A word-for-word copy of the data, with no images, is the required answer.

━━━ Provided material

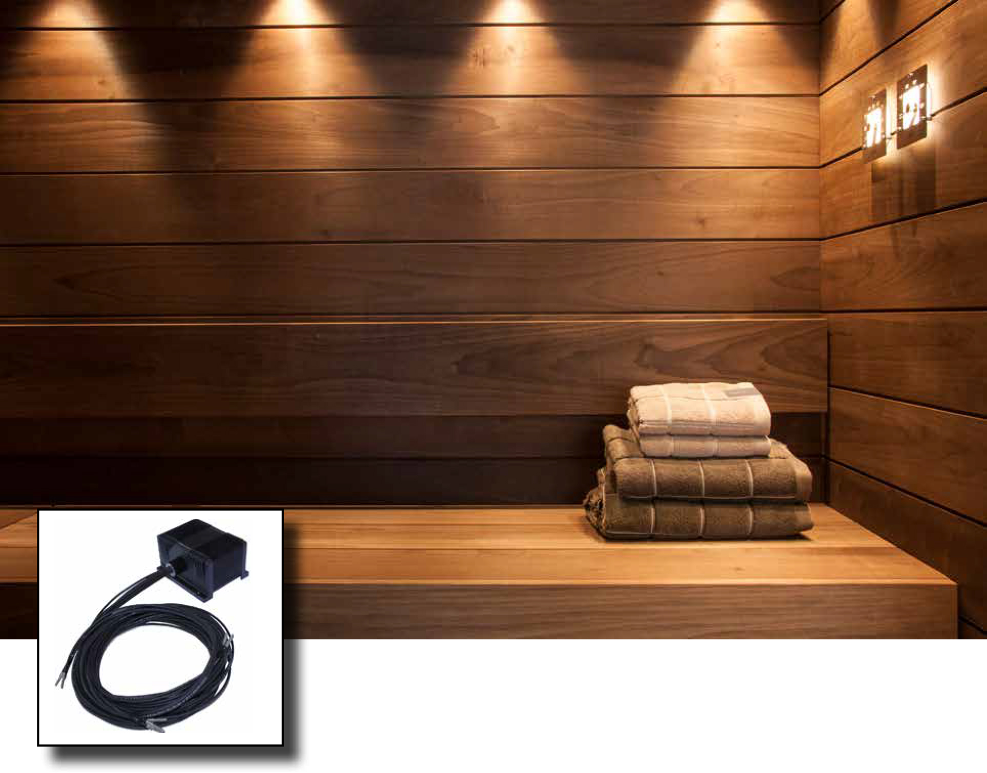 Täydellinen asennusvalmis sarja sisältää projektorin, kuitunipun, lukkorenkaat ja kiuaslinssin. Tämä sarja soveltuu erittäin hyvin pienten ja keskisuurten saunojen valaisuun. Saunan kokosuositus 3-5 m². Sarjan kuidut ovat lasia ja kestävät 180 °C kuumuutta; ne voidaan asentaa saunan kattoon.
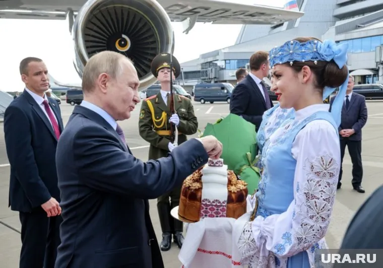 В минском аэропорту президента РФ Владимира Путина встречали с хлебом и солью
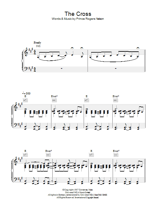 Download or print Prince The Cross sheet music, chords and digital score arranged for Guitar Tab. This Pop score includes 5 page(s).
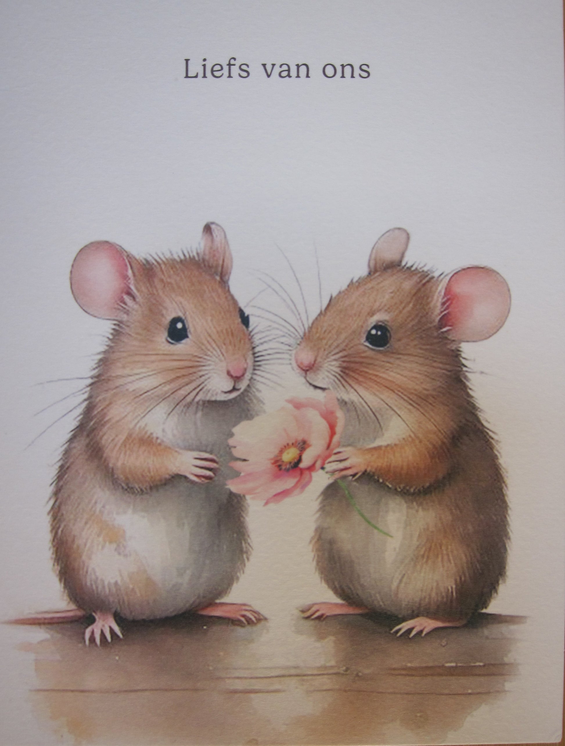 Vierkante kaart met twee muisjes. De kaart is 16 x 16 cm. Compleet met envelop.
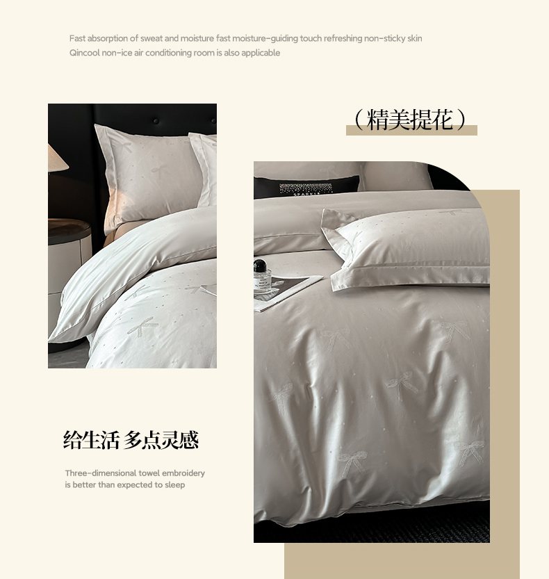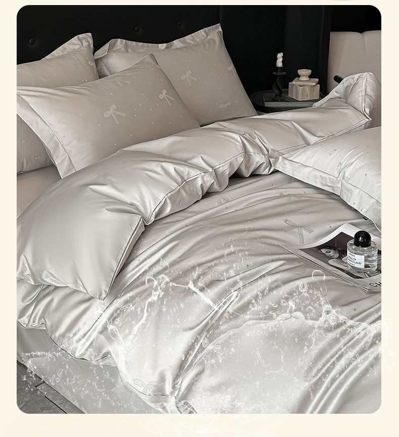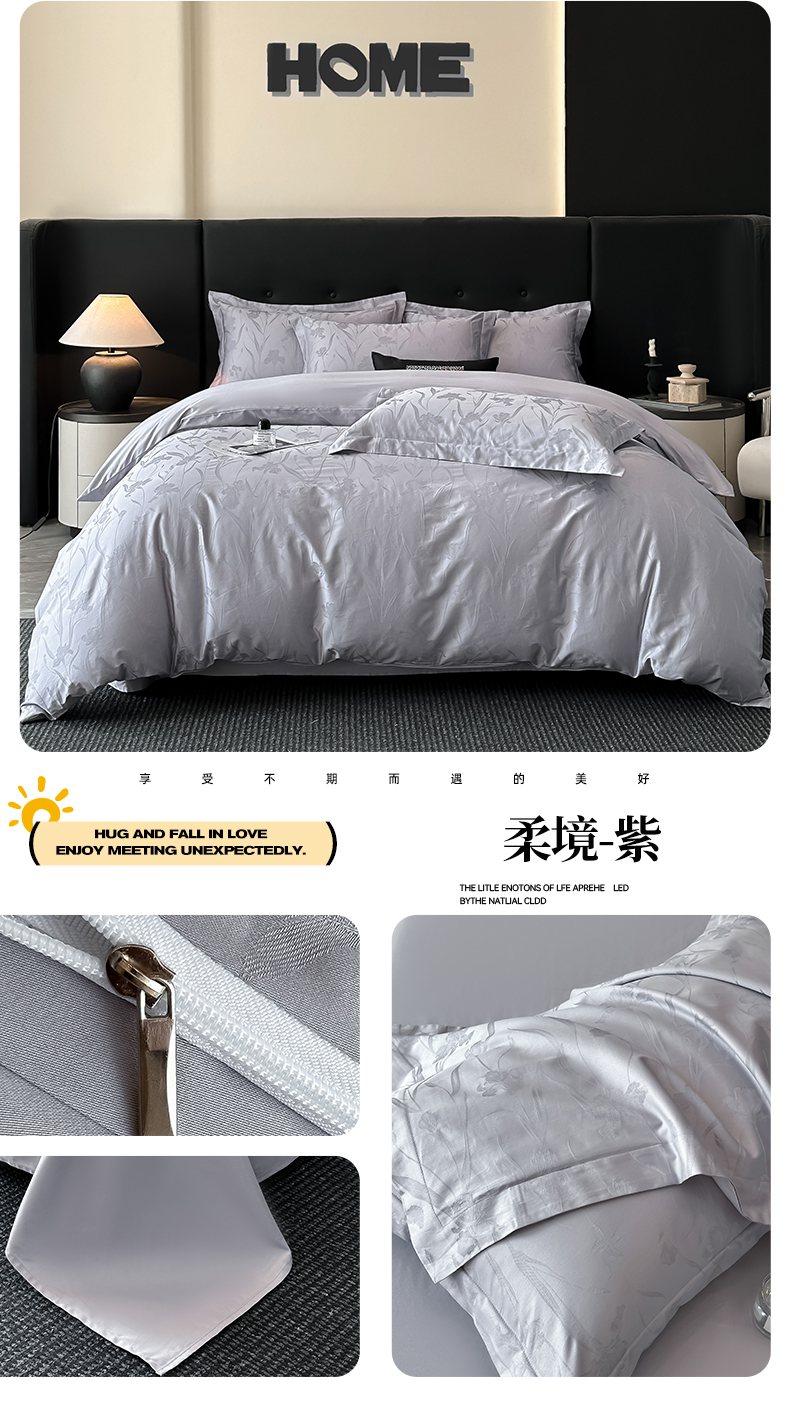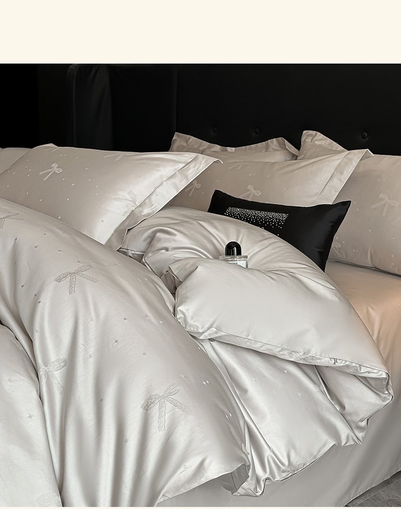 商品名称:梵克保罗 2025春夏新品50S长绒棉轻奢提花四件套 婉心-银

━━━━━━

Task output:
 Täydellinen asennusvalmis sarja sisältää projektorin, kuitunipun, lukkorenkaat ja kiuaslinssin. Tämä sarja soveltuu erittäin hyvin pienten ja keskisuurten saunojen valaisuun. Saunan kokosuositus 3-5 m². Sarjan kuidut ovat lasia ja kestävät 180 °C kuumuutta; ne voidaan asentaa saunan kattoon.
 В минском аэропорту президента РФ Владимира Путина встречали с хлебом и солью
 Download or print Prince The Cross sheet music, chords and digital score arranged for Guitar Tab. This Pop score includes 5 page(s).
 Vierkante kaart met twee muisjes. De kaart is 16 x 16 cm. Compleet met envelop.
 商品名称:梵克保罗 2025春夏新品50S长绒棉轻奢提花四件套 婉心-银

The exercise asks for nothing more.